You framed this as a data-hoarding / lifecycle problem: too much stale stuff, need a relevance-decay upgrade and a review-to-delete "trash can." We researched exactly that (how data centers, RAG systems, and records-management products do it — section 7). But when the research agents went into the actual cortextOS retrieval code to ground the design, they found the headline symptom (the deck miss) is caused upstream of any lifecycle system:
So the work splits cleanly into two layers: (A) fix retrieval so "latest/current X" is correct and the newest version isn't silently dropped — small, high-leverage, fixes your actual complaint; and (B) the broader stale-content lifecycle + reviewable trash can — valuable, fully designed, but phased after (A).
The research agents read the live retrieval path (knowledge-base/scripts/mmrag.py + its three callers) and reproduced the failure. I independently re-verified every code claim below against the actual file — line numbers and behavior confirmed.
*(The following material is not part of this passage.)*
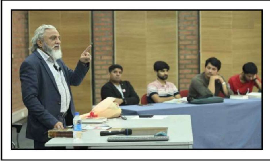
લેક્ચર વખતની તસ્વીર
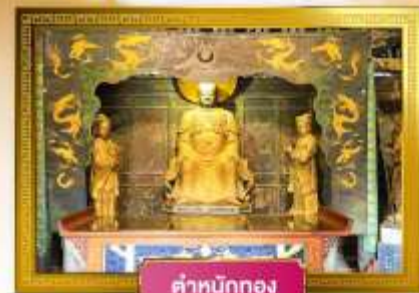
ตำหนักทอง

cmd_query (mmrag.py:1153) orders results purely by cosine similarity — confirmed by reading the code: there is no recency or canonical term anywhere in the ranking (a live query came back ordered by descending similarity, best matches in the ~0.66–0.68 range). "Most recent" is never computed.
deduplicate_results (mmrag.py:1128, >0.85 word-overlap on the first 500 chars) collapses near-duplicate results and keeps results[0] = the highest-semantic member, and it runs before the top-K trim. In a controlled test, three boilerplate-heavy "decks" (overlap 1.0) collapsed to a single survivor chosen by wording score — the newest was discarded inside Python before the agent ever saw it. (Note: it keeps the highest-semantic, which is recency-blind and can drop the newest — not literally "always the oldest." Also: 0.85 overlap on the first 500 chars can collapse monthly decks that differ only in later slides.)
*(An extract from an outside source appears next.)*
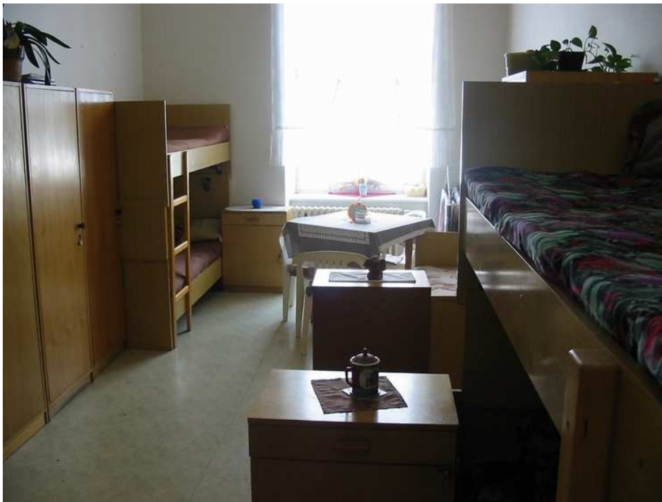
Obrázek 2 Pokoj odsouzených žen v domově Praha – Řepy

All three callers apply a 0.5 similarity threshold before any rerank could recover a result. The live best legitimate match scored only 0.66–0.68 — little headroom — so a correct-but-slightly-off-topic newer version can be filtered out entirely first.
file_id = md5(path)[:12] + _chunk{i}, mmrag.py:489). "Most recent deck" is a document-level question — so ranking must group chunks → source before applying recency, or one strong old chunk beats the right new document. (Codex flagged this as the actual crux.)ingested_at exists on every chunk but it's re-ingest time — re-ingesting a month-old deck yesterday stamps it "fresh." Decay must use created_at from frontmatter or git, never ingest-time (this is the same trap as LangChain/LlamaIndex's access-time decay rerankers).Codex split this into the minimal core that fixes your complaint vs. the operational layer that's nice-to-have. Reflected below.
cmd_query between the threshold filter and the de-duplicator: blended = α·similarity + β·recency_decay(created_at) + γ·canonical_boost → re-sort → then dedup (now keeps the freshest/canonical as results[0]) → then trim. This is the only location that works — the TypeScript layer only ever sees the already-trimmed five.Step 0 before any of this: re-run the deck query against your real corpus at high top-K and threshold 0 to confirm which mode fires for your docs, and commit that as the regression baseline.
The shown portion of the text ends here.